A study published in 2017 described the extraction and analysis of DNA from 151 mummified ancient Egyptian individuals, whose remains were recovered from Abusir el-Meleq in Middle Egypt. The scientists said that obtaining well-preserved, uncontaminated DNA from mummies has been a problem for the field and that these samples provided "the first reliable data set obtained from ancient Egyptians using high-throughput DNA sequencing methods". The specimens represented a period stretching from the late New Kingdom to the Roman era (1388 BCE–426 CE). Complete mitochondrial DNA (mtDNA) sequences were obtained for 90 of the mummies and were compared with each other and with several other ancient and modern datasets. The scientists found that the ancient Egyptian individuals in their own dataset possessed highly similar mitochondrial profiles throughout the examined period. Modern Egyptians generally shared this maternal haplogroup pattern, but also carried more African clades. However, analysis of the mummies' mtDNA haplogroups found that they shared greater mitochondrial affinities with modern populations from the Near East and the Levant compared to modern Egyptians. Additionally, three of the ancient Egyptian individuals were analysed for Y-DNA, and were observed to bear paternal lineages that are common in both the Middle East and North Africa. The researchers cautioned that the affinities of the examined ancient Egyptian specimens may not be representative of those of all ancient Egyptians since they were from a single archaeological site.[71] Wolfgang Haak, group leader at the Max Planck Institute for the Science of Human History in Jena noted that, “the genetics of the Abusir el-Meleq community did not undergo any major shifts during the 1,300 year timespan we studied, suggesting that the population remained genetically relatively unaffected by foreign conquest and rule."[72]

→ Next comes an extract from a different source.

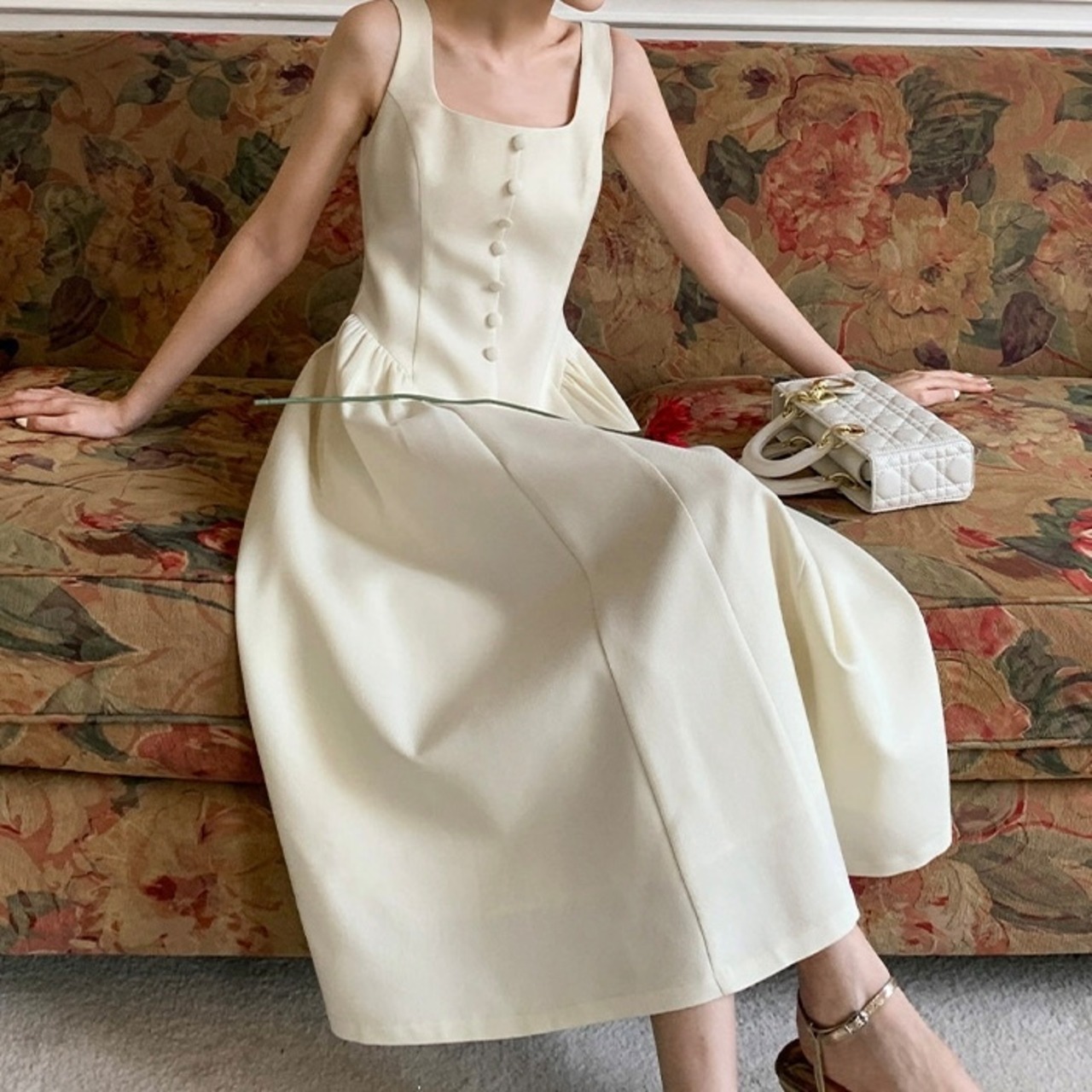 スクエアネックサイドフレアワンピース

A 2020 DNA study by Gad, Hawass et al, analysed mitochondrial and Y-chromosomal haplogroups from Tutankhamun’s family members of the 18th Dynasty, using comprehensive control procedures to ensure quality results. They found that the Y-chromosome haplogroup of the family was R1b, which originates in West Asia and which today makes up 50-60% of the genetic pool of modern Europeans. The mitochondrial haplogroup was K, which is most likely also part of a Near Eastern lineage. Because the profiles for Tutankhamun and Amenhotep III were incomplete, the analysis produced differing probability figures despite having concordant allele results. Because the relationships of these two mummies with the KV55 mummy had previously been confirmed in an earlier study, the haplogroup prediction of both mummies could be derived from the full profile of the KV55 data. However, the specific clade of R1b was not determined.The 20th Dynasty pair of Ramesses III and his son were found to have the haplogroup E1b1a, which has its highest frequencies in modern populations from West Africa and Central Africa, but which is rare among North Africans and nearly absent in East Africa.[73]

Anthropometric indicators

Craniofacial criteria

The use of craniofacial criteria as reliable indicators of population grouping or ethnicity has been a longstanding focus of biological anthropology. In 1912, Franz Boas argued that cranial shape was heavily influenced by environmental factors and could change within a few generations under differing conditions, thereby making the cephalic index an unreliable indicator of inherited influences such as ethnicity.[74] Gravlee, Bernard and Leonard (2003),[75][76] Beals, Smith, and Dodd (1984) and Williams and Armelagos (2005) similarly posited that "race" and cranial variation had low correlations, and proposed that cranial variation was instead strongly correlated with climate variables.[77][78]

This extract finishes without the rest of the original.